__Exercise materials__.
::::::

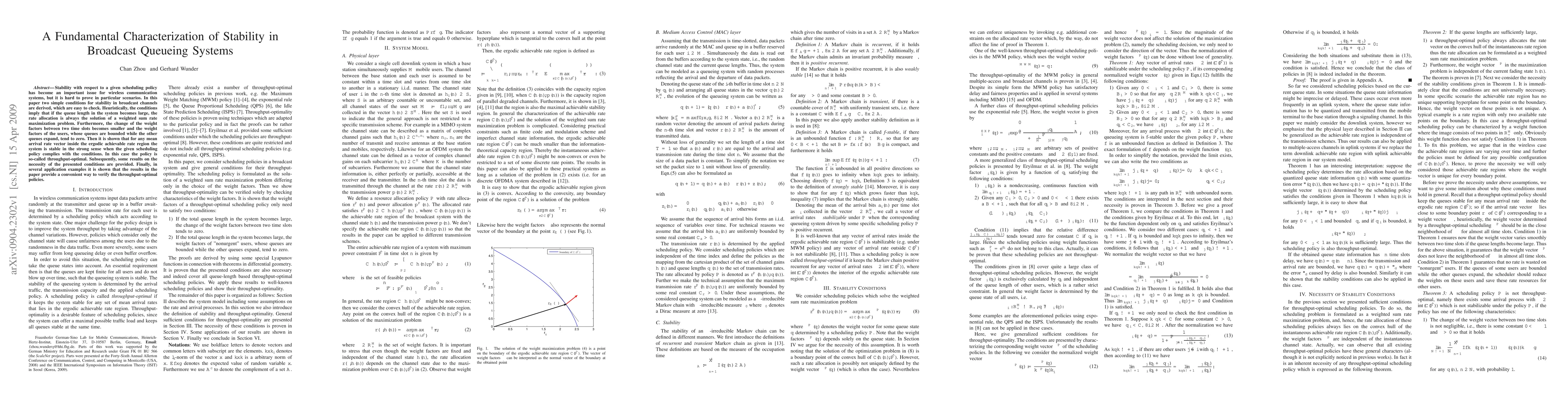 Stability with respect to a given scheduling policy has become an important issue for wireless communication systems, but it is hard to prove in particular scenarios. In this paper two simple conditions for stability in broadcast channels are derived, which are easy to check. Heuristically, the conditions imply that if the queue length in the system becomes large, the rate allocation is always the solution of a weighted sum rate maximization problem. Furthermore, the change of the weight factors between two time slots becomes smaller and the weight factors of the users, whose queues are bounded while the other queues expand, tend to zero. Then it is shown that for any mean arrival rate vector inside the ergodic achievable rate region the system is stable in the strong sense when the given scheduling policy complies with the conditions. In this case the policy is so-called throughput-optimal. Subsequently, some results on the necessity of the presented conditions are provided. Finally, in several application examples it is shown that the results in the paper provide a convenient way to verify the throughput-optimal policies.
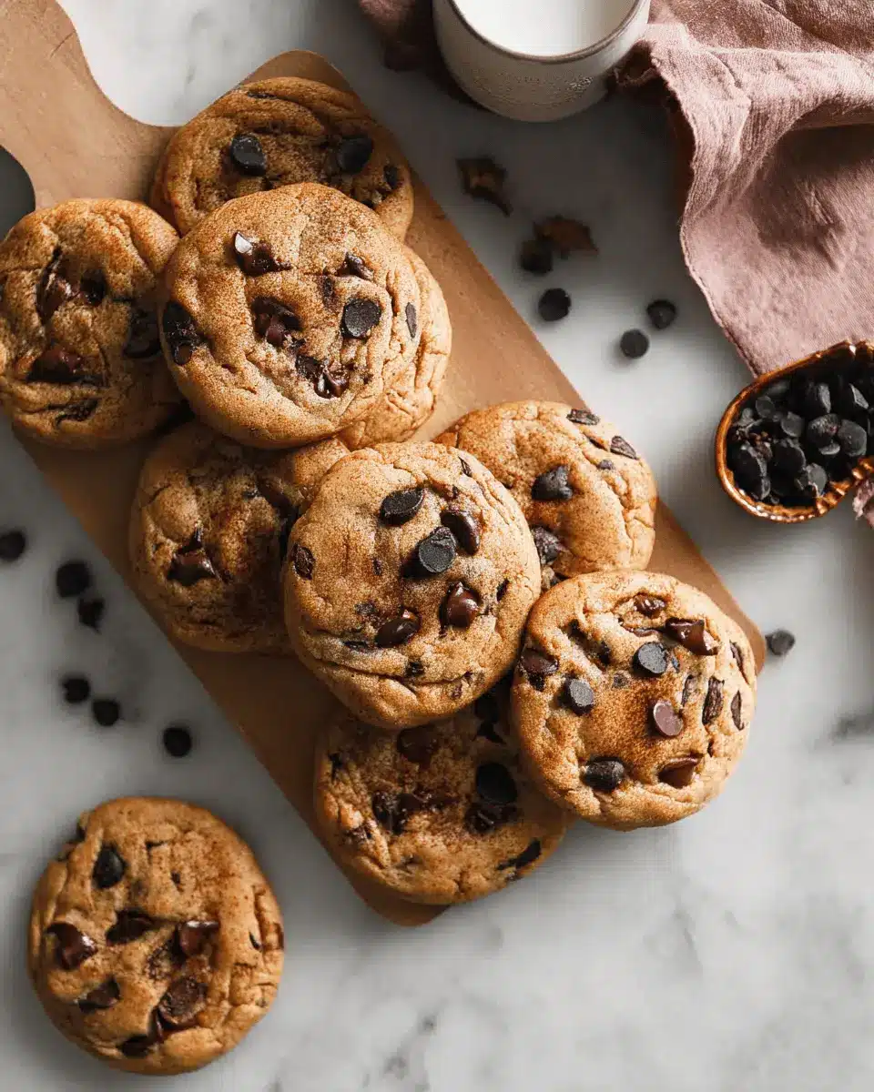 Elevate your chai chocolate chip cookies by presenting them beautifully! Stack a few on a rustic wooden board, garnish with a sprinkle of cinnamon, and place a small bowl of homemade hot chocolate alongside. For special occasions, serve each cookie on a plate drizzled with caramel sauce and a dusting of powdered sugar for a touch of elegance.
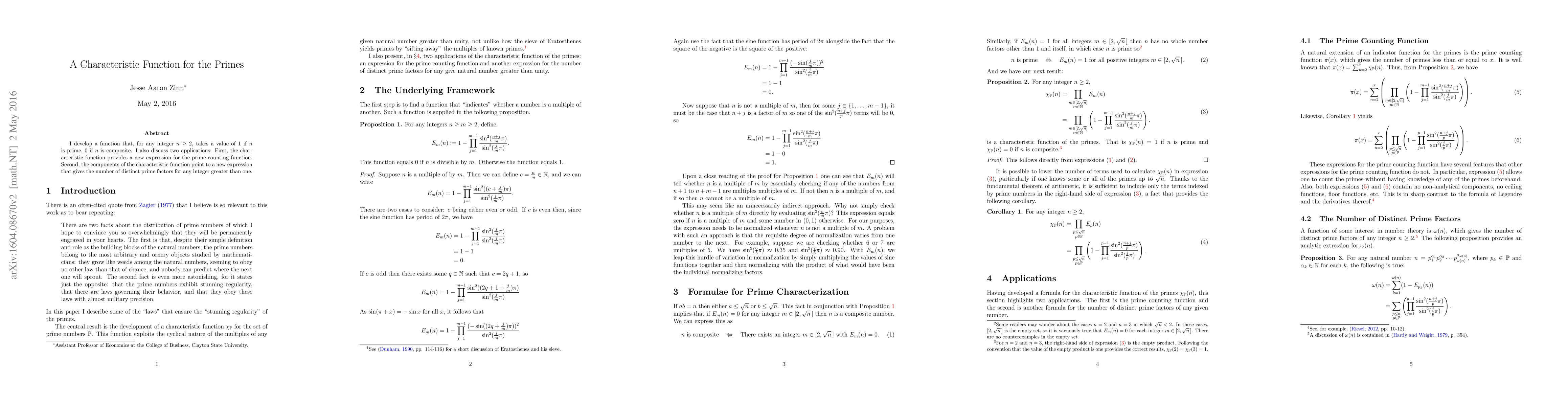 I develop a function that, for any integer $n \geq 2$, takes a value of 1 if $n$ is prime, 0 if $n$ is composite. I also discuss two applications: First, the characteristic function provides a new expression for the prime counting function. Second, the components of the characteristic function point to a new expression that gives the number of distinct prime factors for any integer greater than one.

::::::

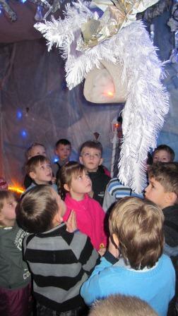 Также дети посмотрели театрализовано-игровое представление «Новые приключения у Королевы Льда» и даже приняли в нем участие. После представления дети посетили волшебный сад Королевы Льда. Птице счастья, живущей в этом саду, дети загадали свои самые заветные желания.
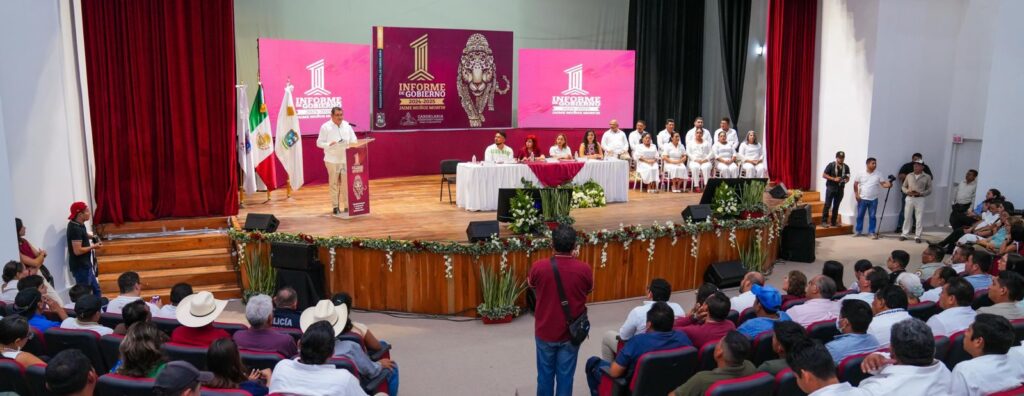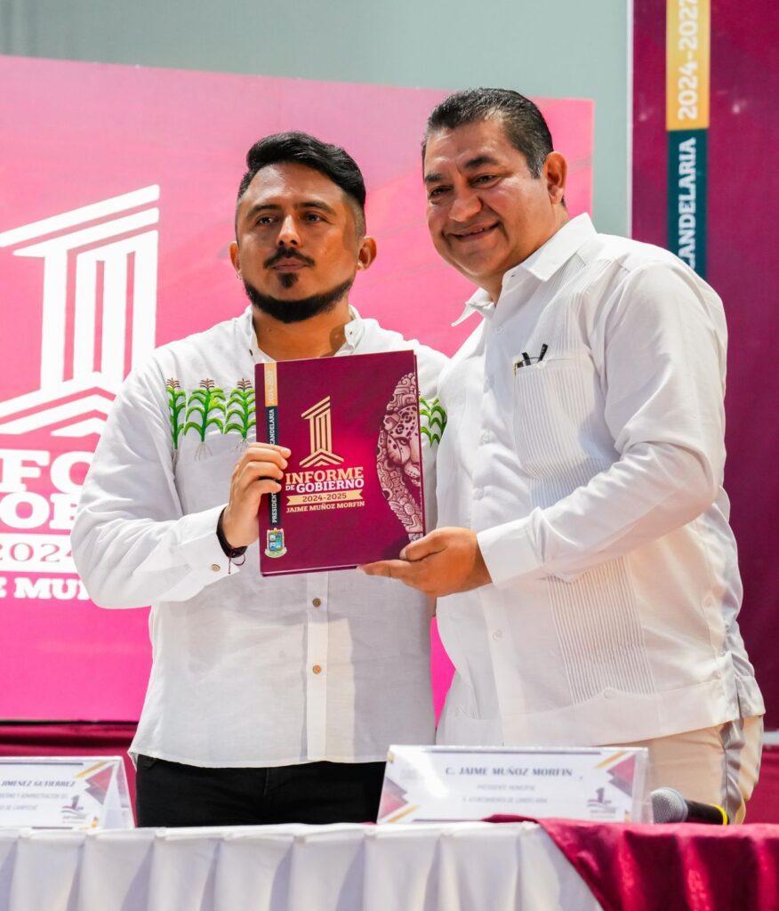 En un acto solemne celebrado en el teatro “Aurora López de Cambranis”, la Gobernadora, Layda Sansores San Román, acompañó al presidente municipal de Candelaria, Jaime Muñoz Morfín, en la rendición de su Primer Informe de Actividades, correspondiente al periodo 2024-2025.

::::::

In the data above, take the line with "Stability with respect", the line with "Elevate your chai", and every line between, and set them down exactly without pictures.

__Output for this task__.
 Stability with respect to a given scheduling policy has become an important issue for wireless communication systems, but it is hard to prove in particular scenarios. In this paper two simple conditions for stability in broadcast channels are derived, which are easy to check. Heuristically, the conditions imply that if the queue length in the system becomes large, the rate allocation is always the solution of a weighted sum rate maximization problem. Furthermore, the change of the weight factors between two time slots becomes smaller and the weight factors of the users, whose queues are bounded while the other queues expand, tend to zero. Then it is shown that for any mean arrival rate vector inside the ergodic achievable rate region the system is stable in the strong sense when the given scheduling policy complies with the conditions. In this case the policy is so-called throughput-optimal. Subsequently, some results on the necessity of the presented conditions are provided. Finally, in several application examples it is shown that the results in the paper provide a convenient way to verify the throughput-optimal policies.
 Elevate your chai chocolate chip cookies by presenting them beautifully! Stack a few on a rustic wooden board, garnish with a sprinkle of cinnamon, and place a small bowl of homemade hot chocolate alongside. For special occasions, serve each cookie on a plate drizzled with caramel sauce and a dusting of powdered sugar for a touch of elegance.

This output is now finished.